March 2026


Dear Ennio,

The past few weeks, we have been watching you want things. Really want them — with your whole body, with a kind of urgency that has no patience for the distance between you and the world. You have always been like this: curious and jolly and so full of reach. You came into this chapter of your life pressing forward, straining toward everything just slightly out of range.

For a while, you seemed to know that crawling was possible — you just hadn't decided to commit. You'd lie on your stomach and flail with great determination, knowing that the flailing alone would eventually summon one of us to carry you somewhere more interesting. It worked, too. But we could see the frustration building underneath it, the gap between what you wanted to do and what you knew your body would let you do. You have always loved to stand. You lock your legs and beam like you've conquered the world.

And then, almost overnight, you crawled. You were chasing a cylindrical pillow. Your mom and I were both watching, though we didn't know the other was there. We've learned to hide around corners when you play, peering in from the edges of rooms so you don't notice us and get distracted.
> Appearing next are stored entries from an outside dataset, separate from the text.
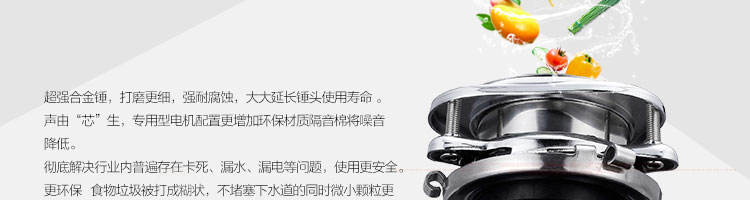 ACLQ37-廚房垃圾處理器,采用先進的研磨系統(tǒng),采用特殊合金錘粉技術,能根據垃圾的強度,自動調節(jié)工作位置,處理垃圾的范圍和細度優(yōu)良。能夠有效地將食物垃圾研磨成細小顆粒,直接從下水管道排出,從而實現(xiàn)及時方便快捷的廚房清潔,滿足現(xiàn)代健康家居的要求。
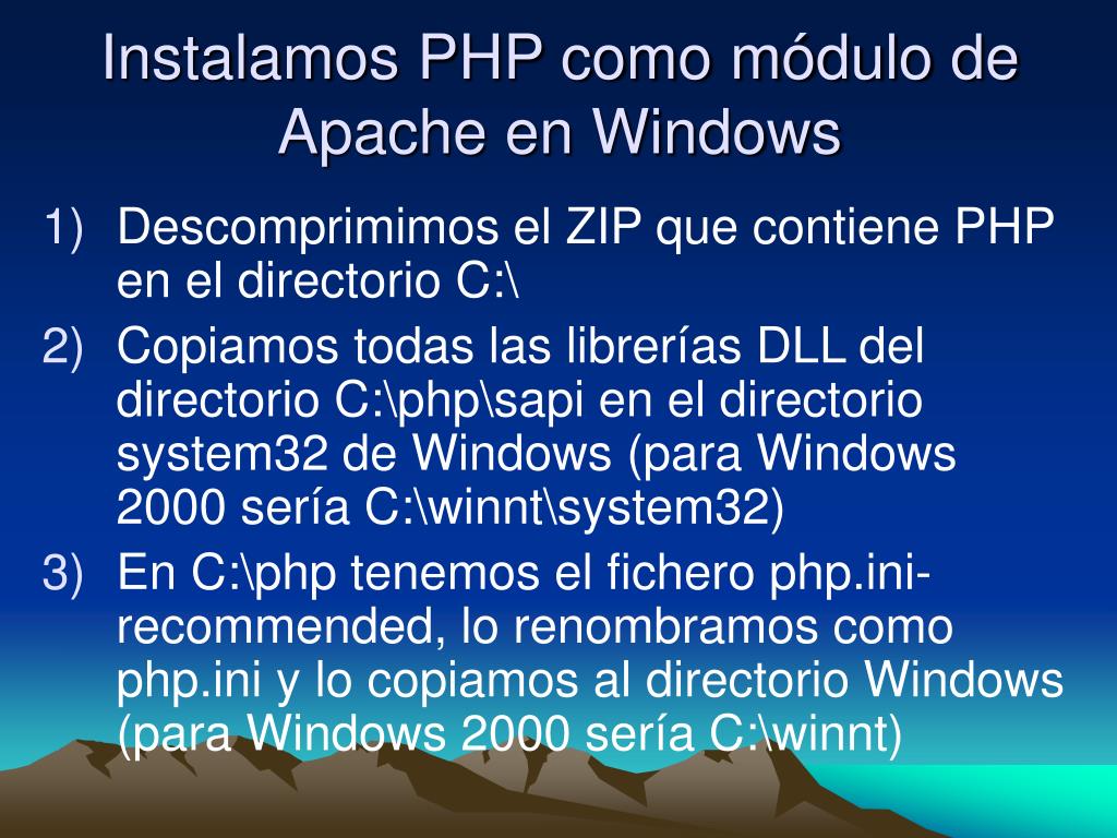 Instalamos PHP como módulo de Apache en Windows • Descomprimimos el ZIP que contiene PHP en el directorio C:\ • Copiamos todas las librerías DLL del directorio C:\php\sapi en el directorio system32 de Windows (para Windows 2000 sería C:\winnt\system32) • En C:\php tenemos el fichero php.ini-recommended, lo renombramos como php.ini y lo copiamos al directorio Windows (para Windows 2000 sería C:\winnt)
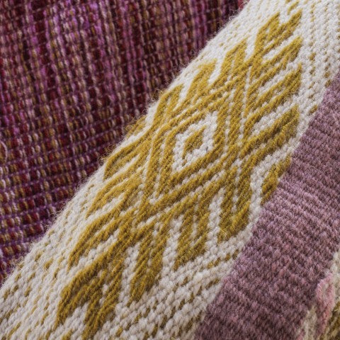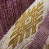 In rural Peru, backstrap weaving is a practiced, traditional process that has been passed down for generations. Textiles woven using this technique are only as wide as the weaver’s hips, and the weaver uses the tension of her body to control the tension in the loom and textile. The backstrap loom is portable, and requires only two stakes to set up. Weavers often roll the stakes up with the loom and carry it around with them, weaving whenever it is convenient.
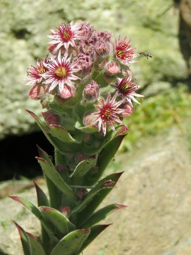 Keywords: houseleek blossom bloom sempervivum thick sheet greenhouse stone crop solitary bee
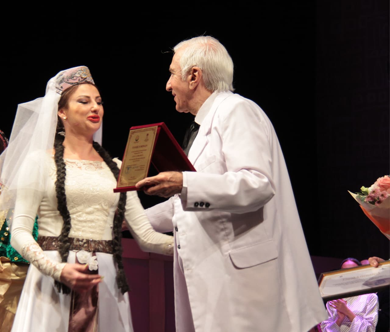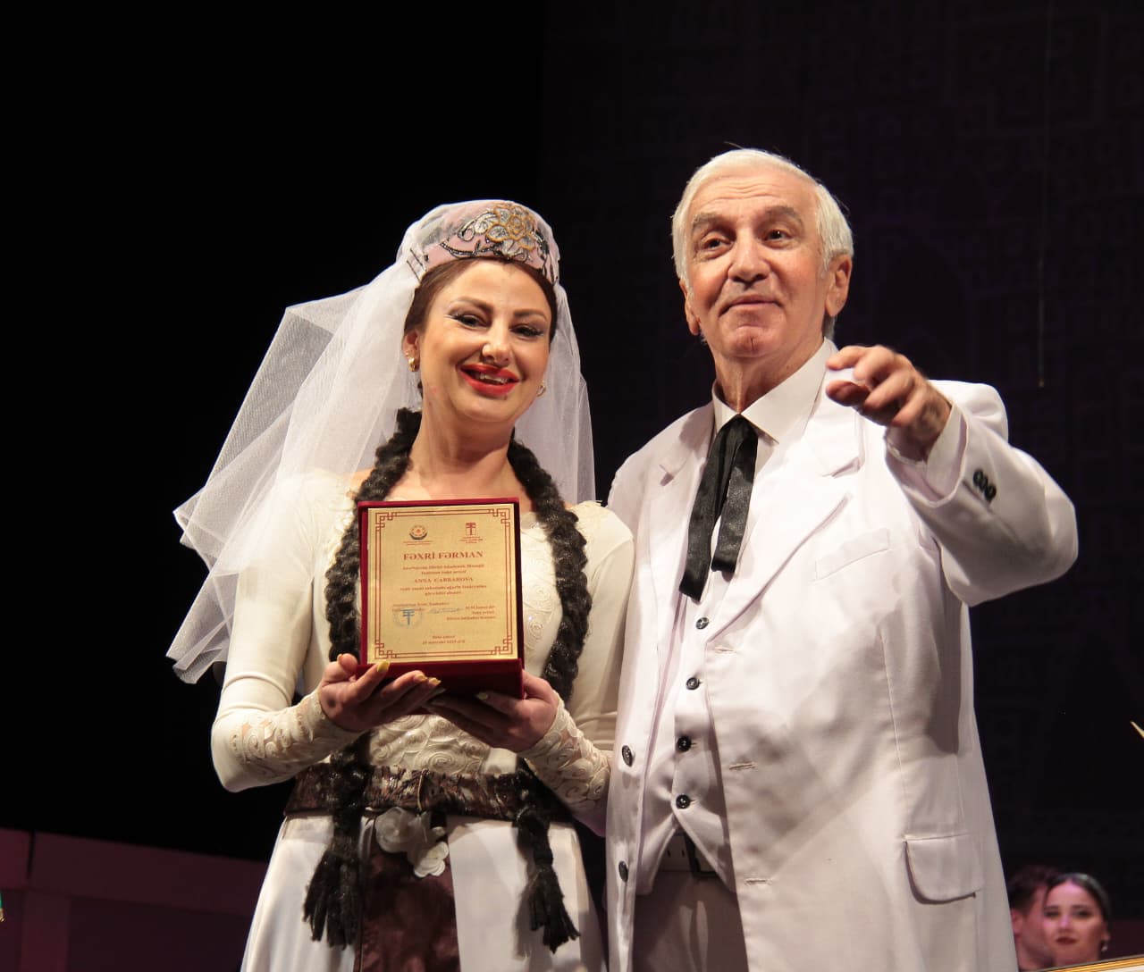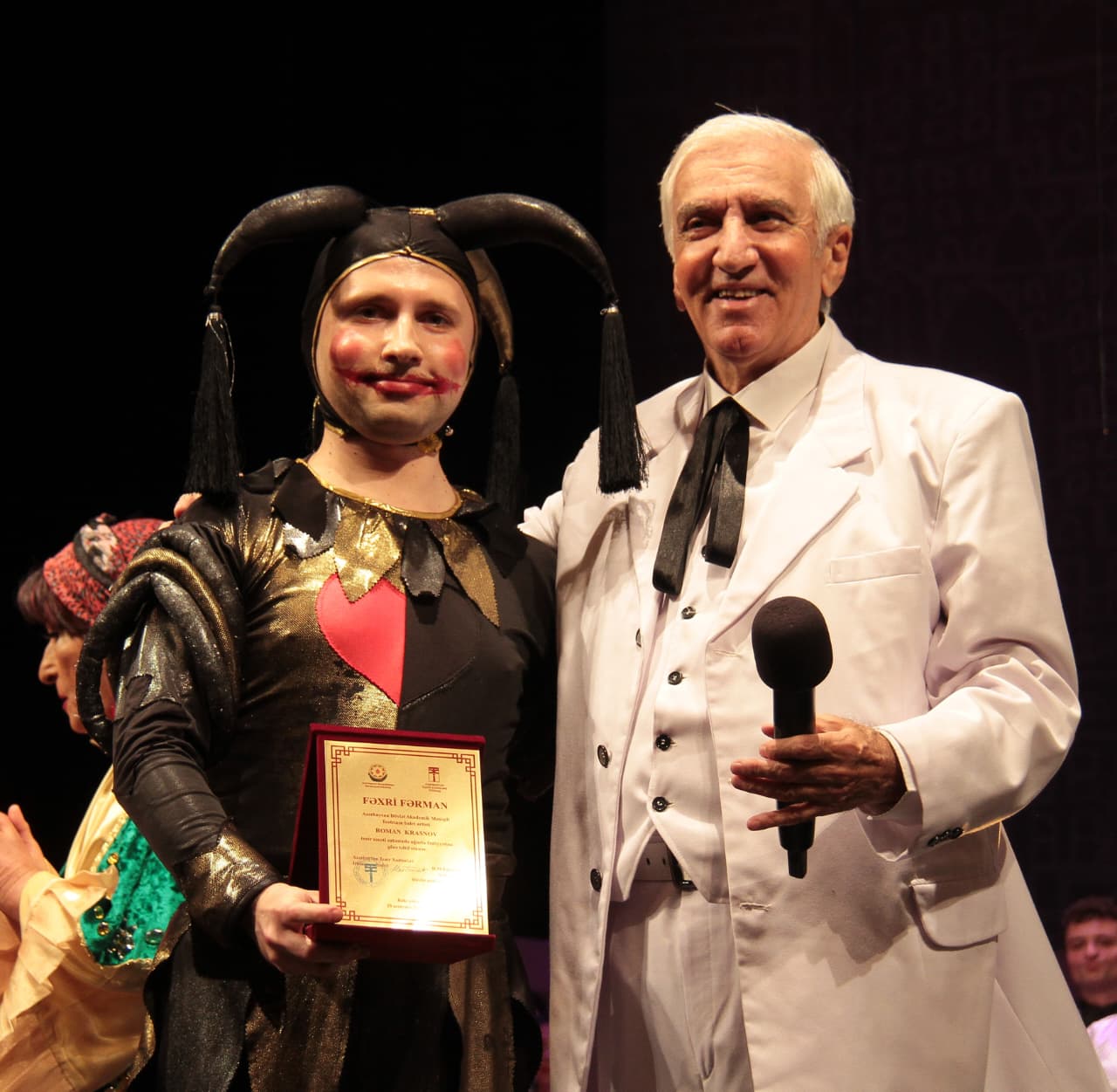 Alqışlarla keçən tamaşanın sonunda Xalq artisti, Azərbaycan Teatr Xadimləri İttifaqının sədr müavini İlham Namiq Kamal teatrın balet artistləri Roman Krasnov və Anna Cabbarovanı səhnəyə dəvət edərək, onları teatr sahəsindəki 20 illik səmərəli fəaliyyətləri münasibəti ilə təbrik edib. Sənətkar ittifaq və teatr rəhbərliyi tərəfindən verilən fəxri fərmanları onlara təqdim edib.
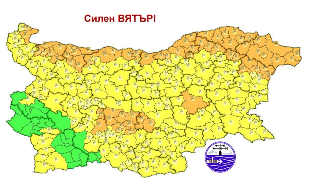 Оранжев код – за опасно време, е в сила за части от областите Видин, Монтана, Враца, Плевен, Велико Търново, Русе, Силистра, Добрич, Варна, Сливен, Стара Загора, Пловдив и Пазарджик.
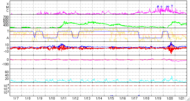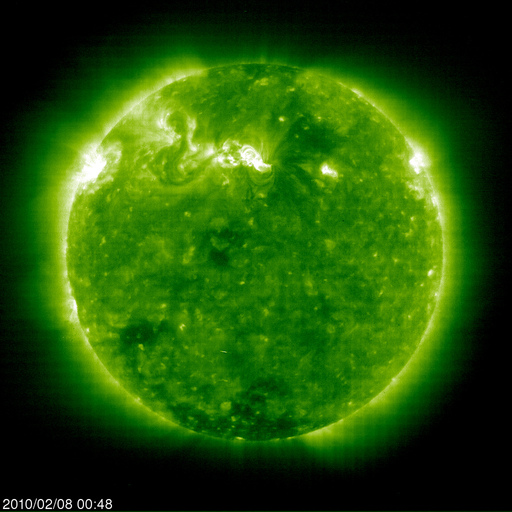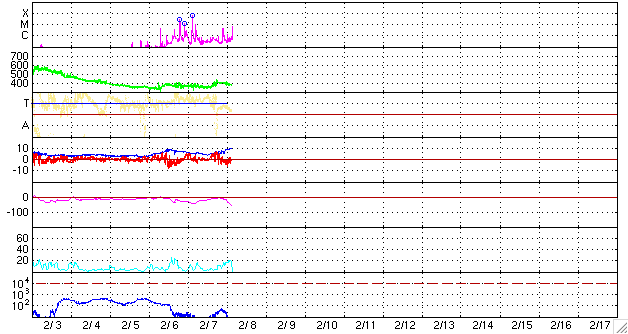 2010/ 2/ 8 13:36 更新 1045黒点群は大きくなり、小規模フレアを起こし続けています。CMEも発生しています。 担当 篠原 太陽のフレア活動は続いています。 昨日は、ニュースの時にM6.4の中規模フレアが発生しましたが、 その後も、C9.9、C4.2、C4.2、C1.0と小規模フレアが続き(NOAAのリスト)、 今日もまた、ニュースとともにC6.2、そしてC7.7とフレアが盛んに発生しています。 1045黒点群は、更に形を変え、大きな黒点が並ぶように見えています。 この大きさになると、眼の良い人であれば、直接見えるかもしれません。 日食メガネをとり出して、挑戦してみてはいかがでしょうか(私は見えませんでした)。 1045黒点群は、磁場構造も複雑で、エネルギーを蓄えていると考えられます。 今後も中規模フレアや、あるいはXクラスの大規模フレアを起こすかもしれません。 Xクラスが発生すれば、2006年12月以来となります。 また、太陽の東端からは、1046黒点群が上がってきました。 こちらも、EIT195では明るく見えていた領域で、 黒点は小さいですが、今後の活動が注目されます。 また、昨日のM6フレアによって、 CME(太陽ガスの放出現象)が発生しています(動画を掲載しています)。 太陽の中心付近で発生したため、地球に向かって飛び出しています。 LASCO C3では、太陽を囲むように広がるFull Halo CMEが観測されています。 太陽が静かだったので当たり前ですが、こんなCMEも久しぶりに見た気がします。 明日の夜くらいから明後日にかけて、到来が考えられます。 (こういう予想も久しぶりで、少しうろたえています) 引き続き、太陽の動きに注目してください。 一方、太陽風は、速度が400km/秒と平均的なレベルに上がり、 その後380km/秒で落ち着いています。 まだ高速風の到来という変化ではなく、太陽風の変化はこれからでしょう。 磁場強度を見ると、5nTからゆっくりと強まり、現在10nTを超えるほどに上がっています。 速度の上昇は近いのかもしれません。 太陽活動でかすんでしまいましたが、コロナホールは太陽の西側に進んでいます。 そろそろ影響がやってきても良い頃です。 ここまでの磁気圏活動は、静穏です。 現在、磁場強度が強まっているため、簡単に強い南向きになることがあります。 その場合、オーロラ活動が一気に活発化しますので、しばらく注意が必要です。 この後、速度も上昇を始めると、影響は一段と強まりやすくなります。 CMEの影響も重なって、今週はにぎやかな一週間になりそうです。 SOHO EIT195による、太陽コロナ。8日10時(世界時8日1時)。 (c) SOHO (ESA & NASA) ![]() SOHOによる太陽可視光写真。1045、1046黒点群が見えています。 (c) SOHO (ESA & NASA) ![]() SOHOによる磁場写真。1045黒点群付近の磁場は複雑です。 (c) SOHO (ESA & NASA) ![]() 太陽を囲むようにガスが広がっていくFull Halo CMEが観測されました。 (c) SOHO (ESA & NASA) ![]() GOES衛星の太陽X線データ (c) NOAA/SWPC ![]() ACEが観測した太陽風の磁場(1番上の枠、白線は全体の強度、赤線は南北成分) および、太陽風の密度(3番目の橙線)、速度(4番目の黄線) (c) NOAA/SWPC ![]() リアルタイムAE指数 下段のAEグラフの値が高くなると、オーロラ活動が活発化しています。 (c) 京都大学, NICT ![]() シベリアで観測された3日間の磁場データ 右側の3分の1が、昨日のデータになります。グラフが上がったり下がったりすると、オーロラ活動が活発化しています。 (c) NICT ![]() 27日の太陽周期に合わせたデータプロット 太陽が同じ面を地球に向けていた27日前の変化から、今後を予想することができます。 (c) NICT
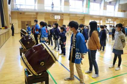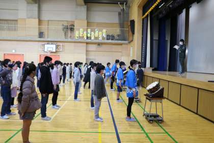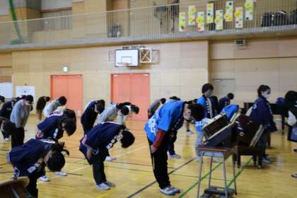 5年生の15分間集中学年練習の様子です。3月4日の「6年生を送る会」の5年生からのプレゼントの練習です。しーんとした体育館の中、太鼓の音だけで気を付け、礼、パーカッション演奏の開始と進んでいきます。5年生の真剣な顔に、演奏の前からドキドキしてしまいます。
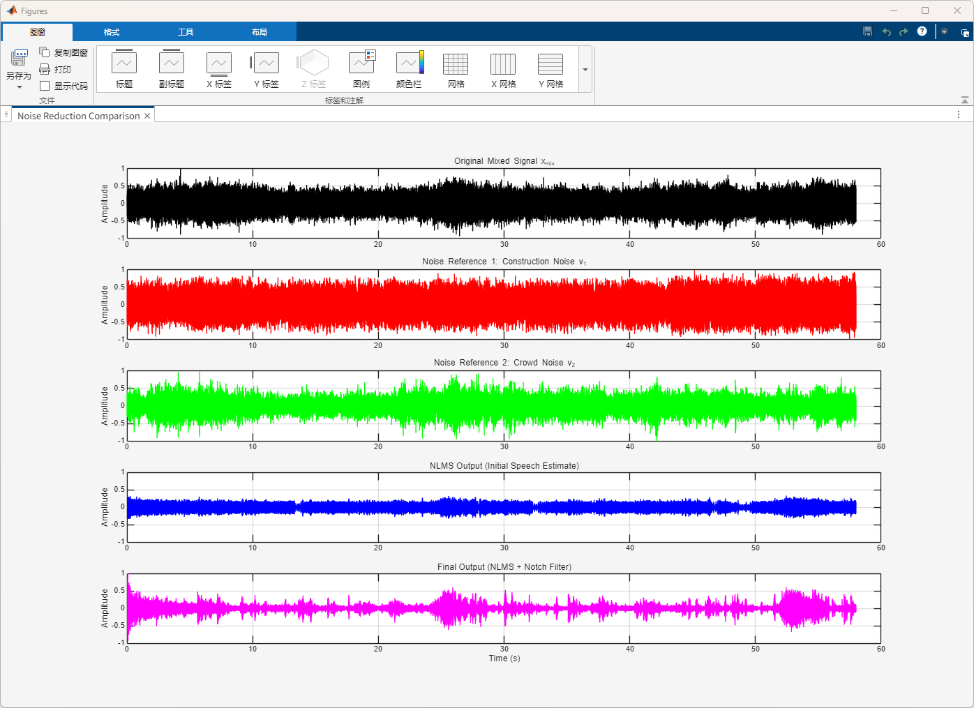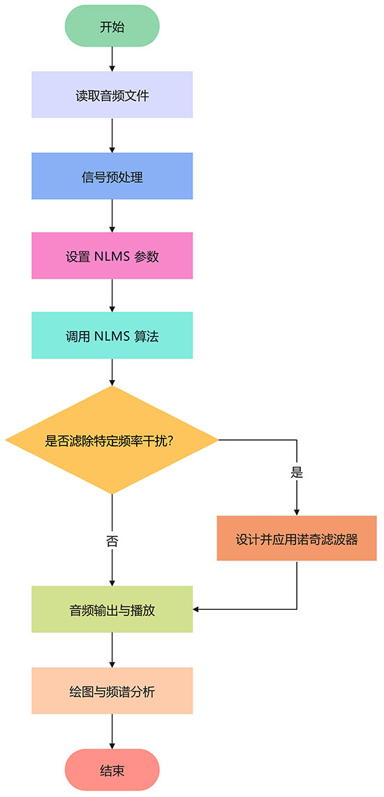 实验结果表明,结合NLMS和诺奇滤波器的噪声消除方法在提升语音信号质量、减少噪声干扰方面具有显著效果。此外,本文还探讨了不同算法参数对噪声消除效果的影响,并提出了优化策略。最后,本文的研究为实时噪声消除系统的设计与实现提供了理论依据和实践指导。
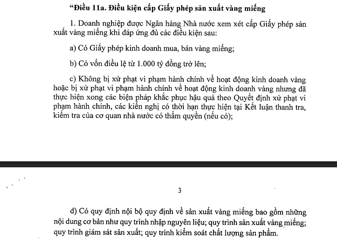 Doanh nghiệp được Ngân hàng Nhà nước xem xét cấp giấy phép sản xuất vàng miếng khi đáp ứng đủ các điều kiện. Cụ thể là doanh nghiệp phải có giấy phép kinh doanh mua, bán vàng miếng; có vốn điều lệ từ 1.000 tỷ đồng trở lên; không bị xử phạt vi phạm hành chính về hoạt động kinh doanh vàng, hoặc bị xử phạt vi phạm hành chính về hoạt động kinh doanh vàng nhưng đã thực hiện xong các biện pháp khắc phục hậu quả theo quyết định xử phạt vi phạm hành chính.

Sometimes we spy on you from just around the corner as you play so as to watch you without distracting you. We want you to have the experience, not the audience. So there we were, separately, each thinking we were the only witness.

I was so excited I could barely contain it. I was also late for a meeting. I was desperate to stay, to celebrate the moment. But it probably would've just distracted you from your accomplishment, and you were already busy. You were somewhere new. So I watched a moment longer than I should have, and carried it with me the whole rest of the day.

And everything changed.

Now you are all over the place. Everywhere at once, it seems. Every corner of a room becomes an expedition, every object a mystery worth holding up and inspecting from multiple angles. You are meticulous about it, in the way that only someone seeing things for the very first time can be. We watch you and feel something almost like envy — the privilege of a world that is entirely new.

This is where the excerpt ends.